SUPPLIED INFORMATION below:

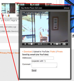 Live video is available through iSpyConnect in a variety of resolutions. The "Live Viewer" on the right displays a live feed from your camera at 320 x 240px. You can select a different resolution for the live feed from the drop-down underneath - any size up to the native size of your camera. When you choose a different resolution the video feed pops up in a bigger (or smaller) window.
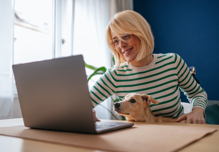 Woman Working From Home While Being Distracted By Her Puppy
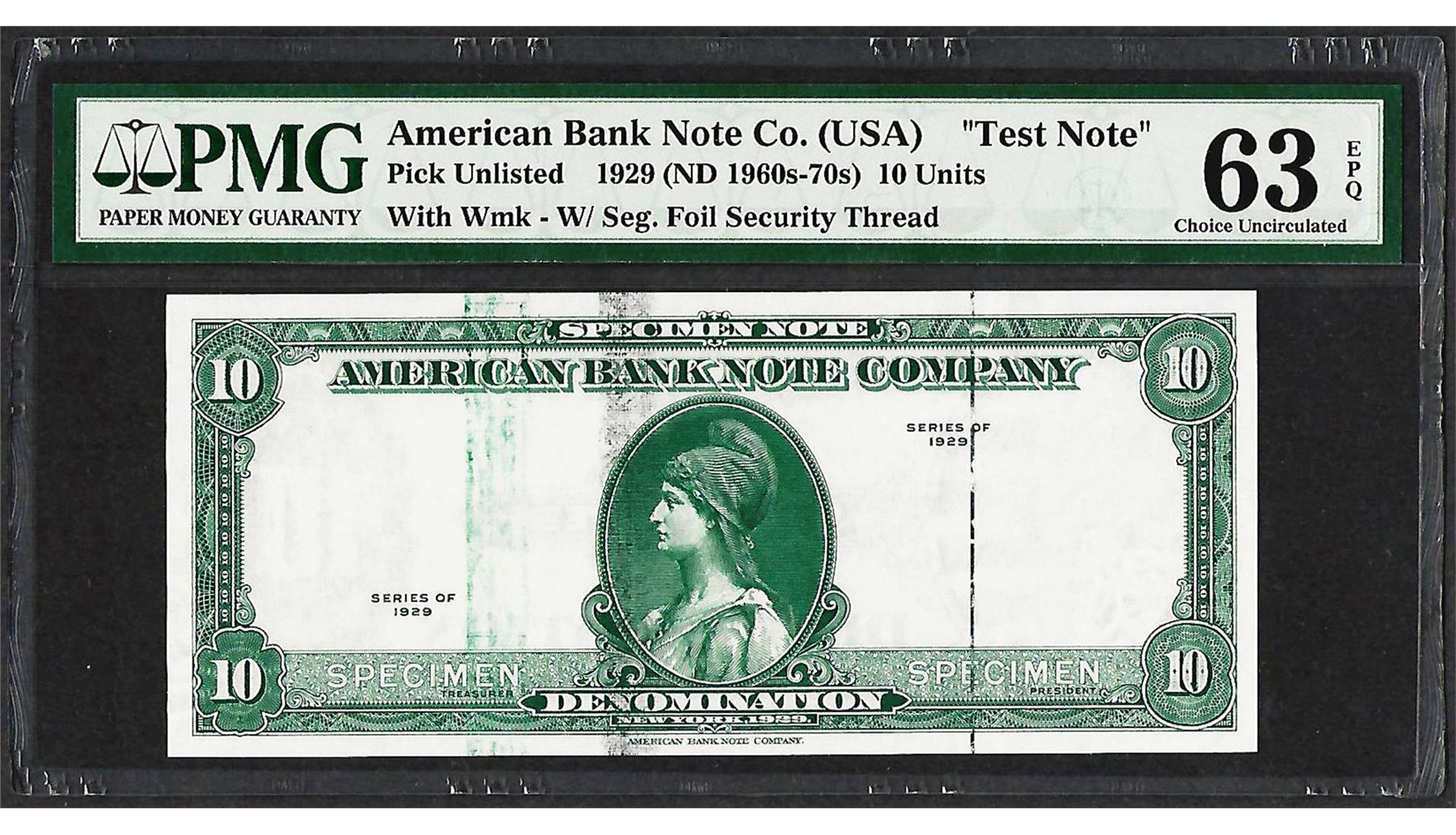 One 1929 10 Unit American Bank Note Co. "Test Note" PMG Choice Uncirculated 63EPQ. PMG Certified.
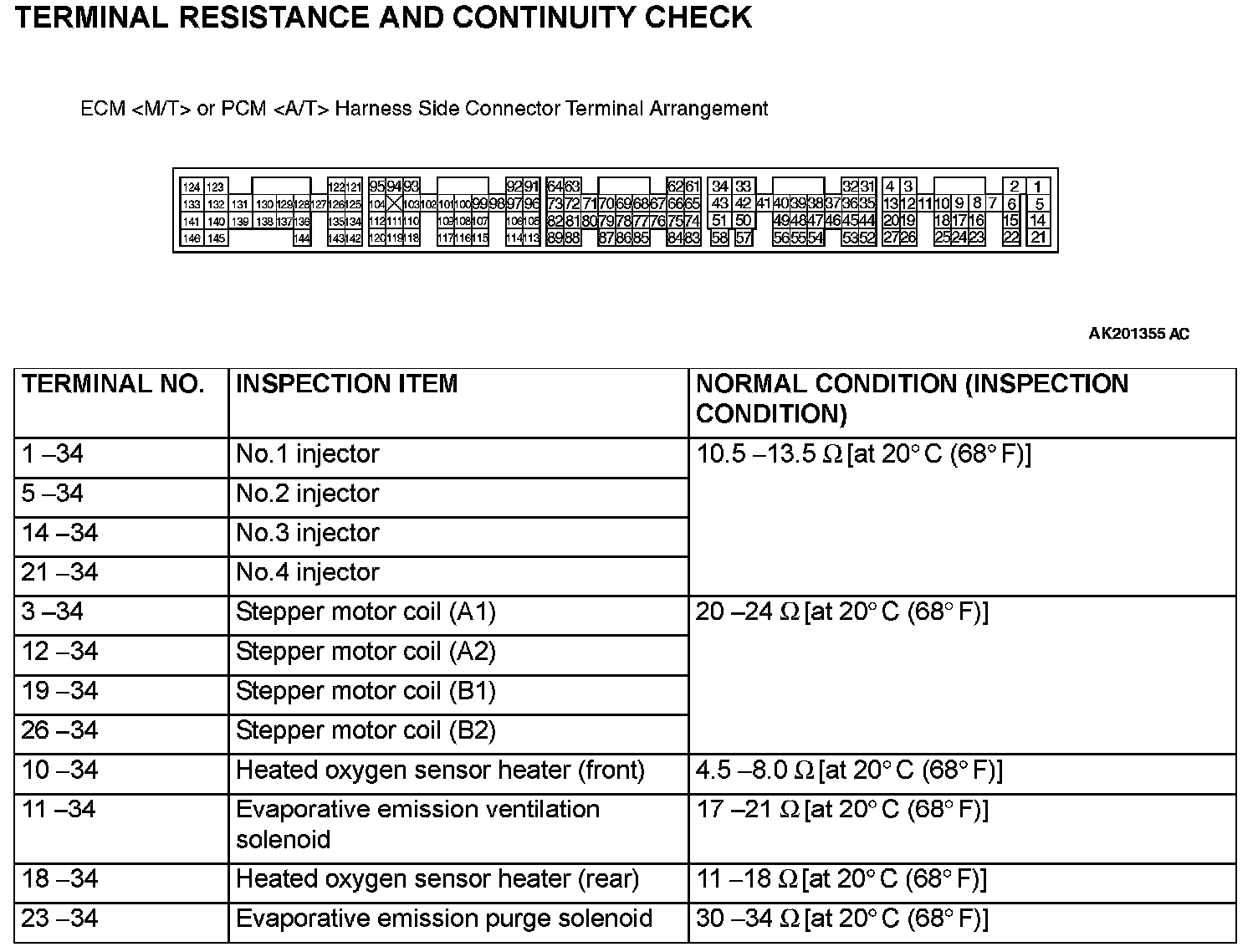 ECM <M/T> Or PCM <A/T> Harness Side Connector Terminal Arrangement Part 1:

End of SUPPLIED INFORMATION.

## REQUIRED WORK
Reproduce the lines above letter for letter. The pictures stay behind.

## EXERCISE SOLUTION
 Live video is available through iSpyConnect in a variety of resolutions. The "Live Viewer" on the right displays a live feed from your camera at 320 x 240px. You can select a different resolution for the live feed from the drop-down underneath - any size up to the native size of your camera. When you choose a different resolution the video feed pops up in a bigger (or smaller) window.
 Woman Working From Home While Being Distracted By Her Puppy
 One 1929 10 Unit American Bank Note Co. "Test Note" PMG Choice Uncirculated 63EPQ. PMG Certified.
 ECM <M/T> Or PCM <A/T> Harness Side Connector Terminal Arrangement Part 1:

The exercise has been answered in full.